GC23F-03:
Probabilistic Projections of Future Sea-Level Change and Their Implications for Flood Risk Management: Insights from the American Climate Prospectus

Tuesday, 16 December 2014: 2:10 PM
Robert E Kopp III1, Michael Delgado2, Radley M Horton3, Trevor Houser2, Christopher M Little4, Robert Muir-Wood5, Michael Oppenheimer4, David M Rasmussen Jr2, Benjamin Strauss6 and Claudia Tebaldi6, (1)Rutgers University New Brunswick, New Brunswick, NJ, United States, (2)Rhodium Group, Oakland, CA, United States, (3)Columbia University/NASA GISS, New York, NY, United States, (4)Princeton University, Princeton, NJ, United States, (5)Risk Management Solutions, Inc., Newark, CA, United States, (6)Climate Central, Princeton, NJ, United States
Abstract:
Global mean sea level (GMSL) rise projections are insufficient for adaptation planning; local decisions require local projections that characterize risk over a range of timeframes and tolerances.

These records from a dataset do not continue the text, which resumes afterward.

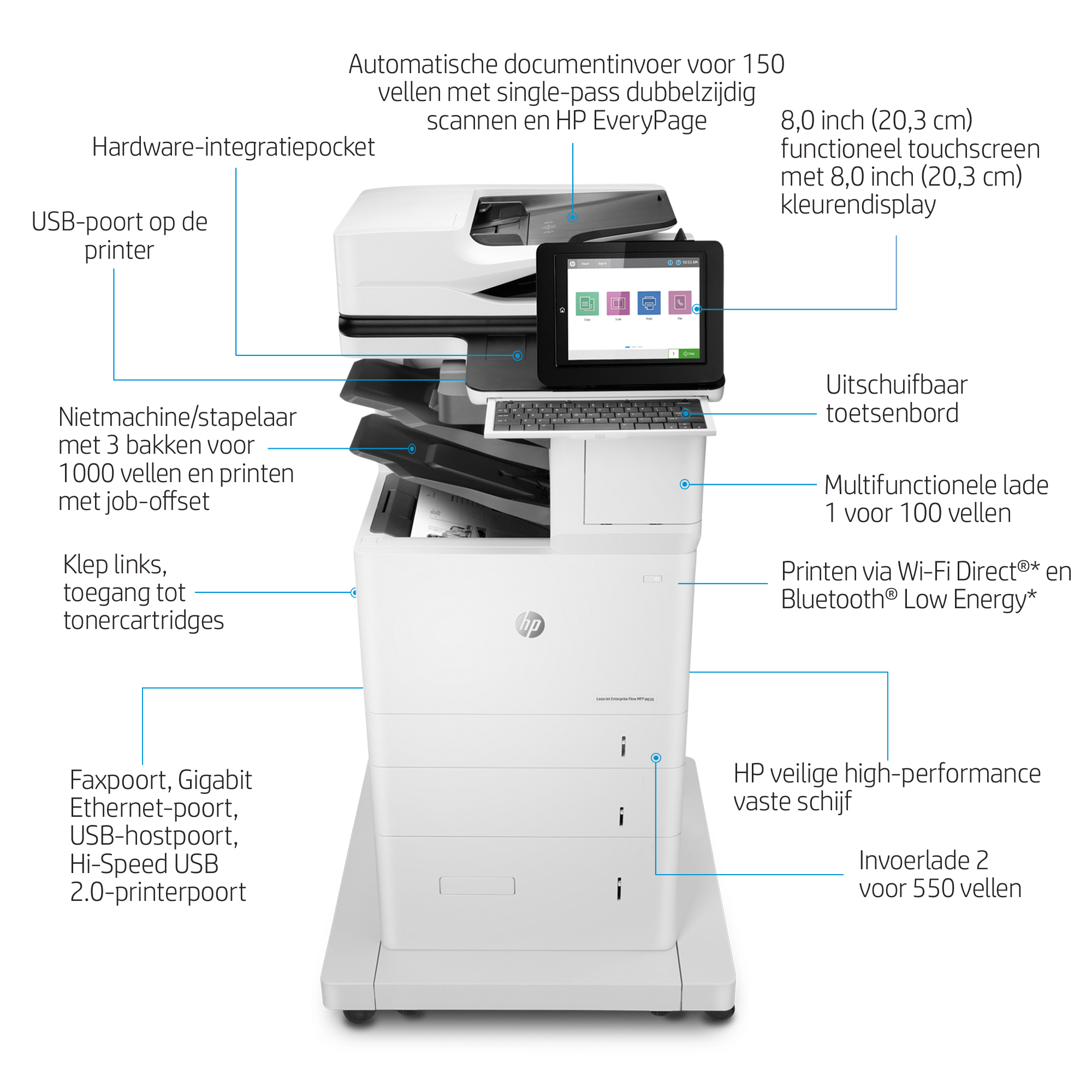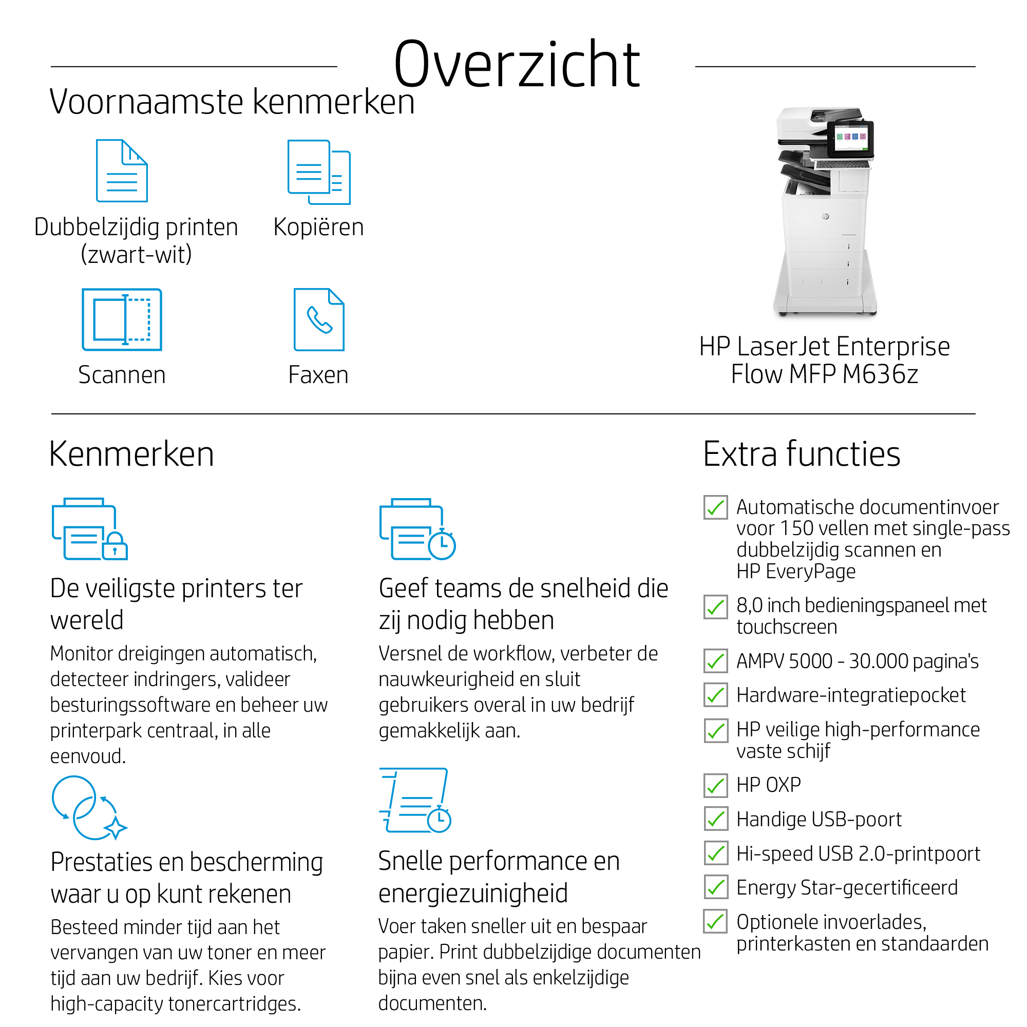 HP LaserJet Enterprise Flow MFP M636z, Laser, Zwart-wit afdrukken, 1200 x 1200 DPI, A4, Direct printen, Zwart, Wit
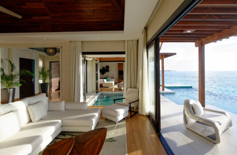 2 номери Ocean Pavilions with Pool (515 кв. М, номери на воді, мають басейн, 2 спальні, вітальню зону, джакузі, прямий доступ до океану.)
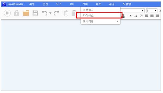2. 상단 메뉴 [서버] -> [라이선스]를 선택하세요
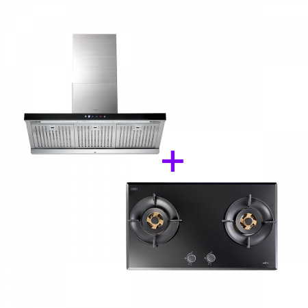 MEX.SET K635BFX90 + V3772MHR เครื่องดูดควัน + เตาแก๊สกระจก 2 หัว
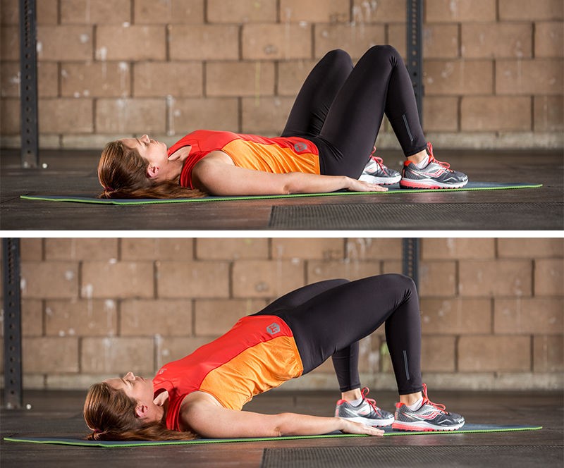 down by your sides. Press firmly through your feet and engage your glutes to lift up the
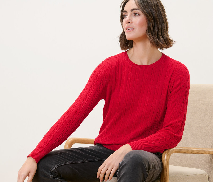 - Elastische Rippbündchen an Ausschnitt, Ärmelabschluss und Saum
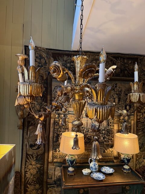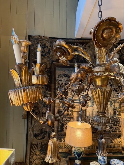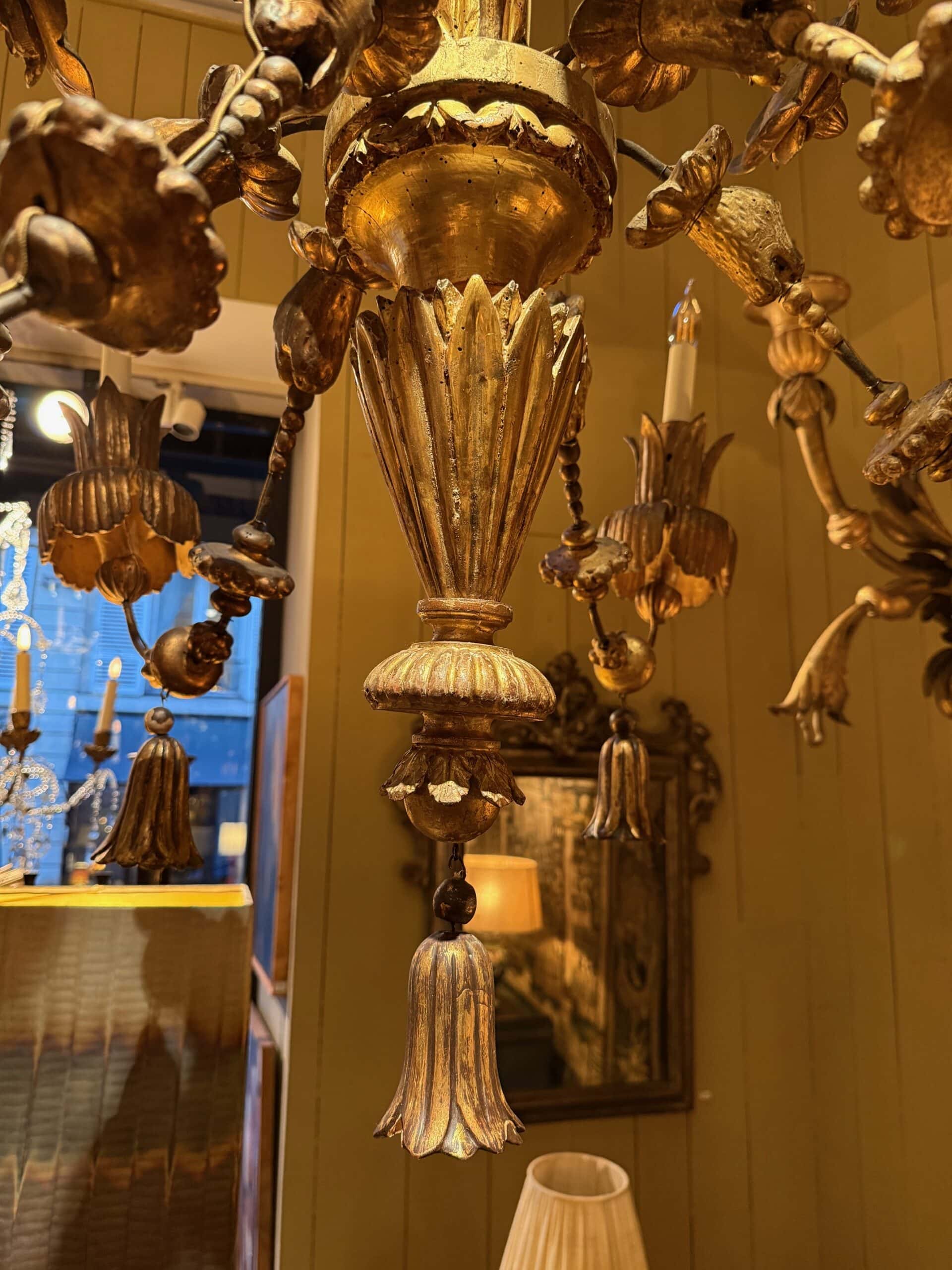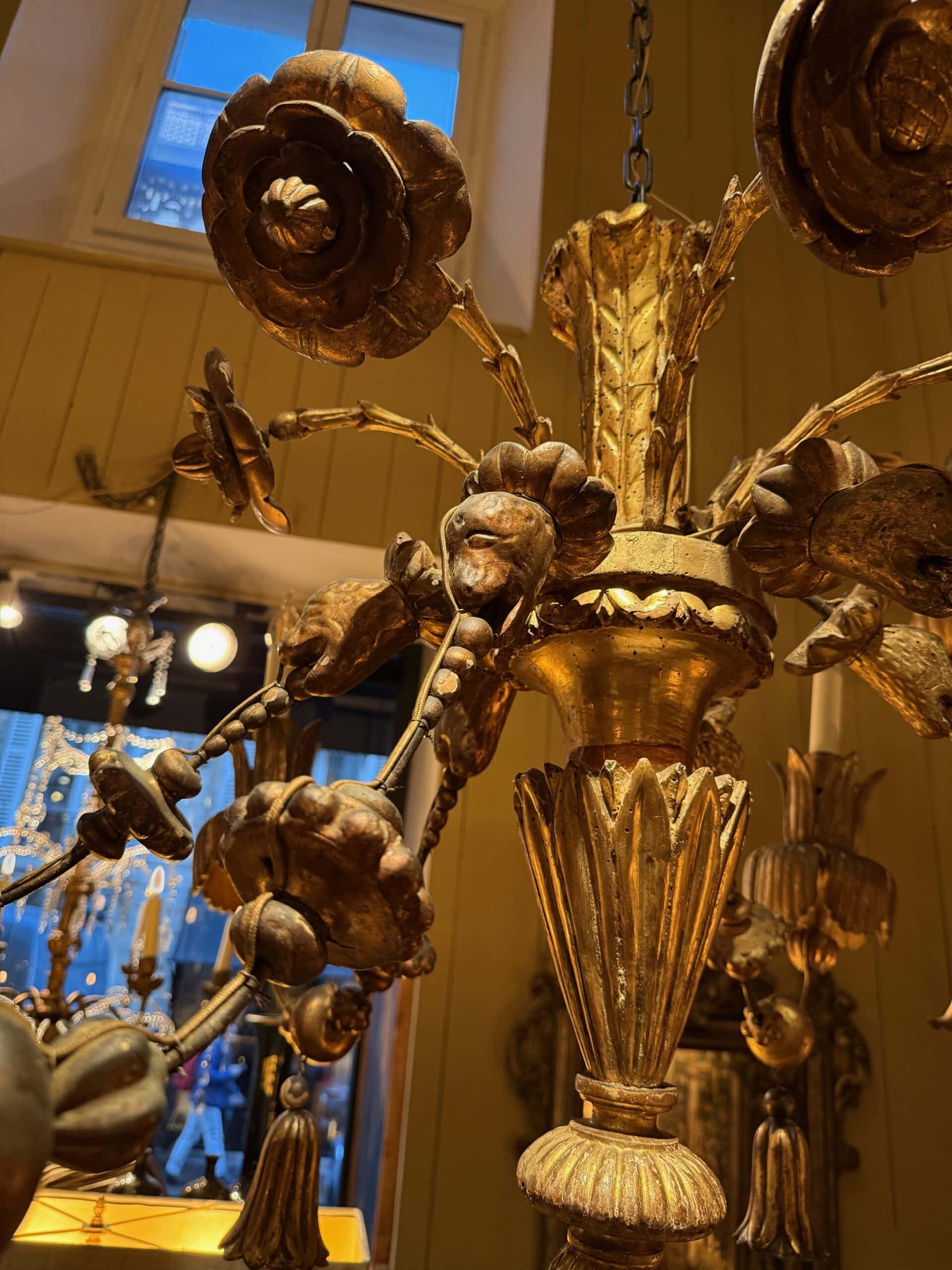 Très grand lustre en bois doré XVIIIe motifs Camélia & têtes de lion

We present a global set of local sea level (LSL) projections to inform decisions on timescales ranging from the coming decades through the 22nd century. We present complete probability distributions, informed by a combination of expert community assessment, expert elicitation, and process modeling [1]. We illustrate the application of this framework by estimating the joint distribution of future sea-level change and coastal flooding, and associated economic costs [1,2].

In much of the world in the current century, differences in median LSL projections are due primarily to varying levels of non-climatic uplift or subsidence. In the 22nd century and in the high-end tails, larger ice sheet contributions, particularly from the Antarctic ice sheet (AIS), contribute significantly to site-to-site differences. Uncertainty in GMSL and most LSL projections is dominated by the uncertain AIS component.

Sea-level rise dramatically reshapes flood risk. For example, at the New York City (Battery) tide gauge, our projections indicate a \emph{likely} (67% probability) 21st century LSL rise under RCP 8.5 of 65--129 cm (1-in-20 chance of exceeding 154 cm). Convolving the distribution of projected sea-level rise with the extreme value distribution of flood return periods indicates that this rise will cause the current 1.80 m `1-in-100 year' flood event to occur an expected nine times over the 21st century -- equivalent to the expected number of `1-in-11 year' floods in the absence of sea-level change.

Projected sea-level rise for 2100 under RCP 8.5 would likely place $80-$160 billion of current property in New York below the high tide line, with a 1-in-20 chance of losses >$190 billion. Even without accounting for potential changes in storms themselves, it would likely increase average annual storm damage by $2.6-$5.2 billion (1-in-20 chance of >$7 billion). Projected increases in tropical cyclone intensity would further increase damages [2].

References: [1] R. E. Kopp et al. (2014), Earth's Future, doi:10.1002/2014EF000239. [2] T. Houser et al. (2014), American Climate Prospectus, www.climateprospectus.org.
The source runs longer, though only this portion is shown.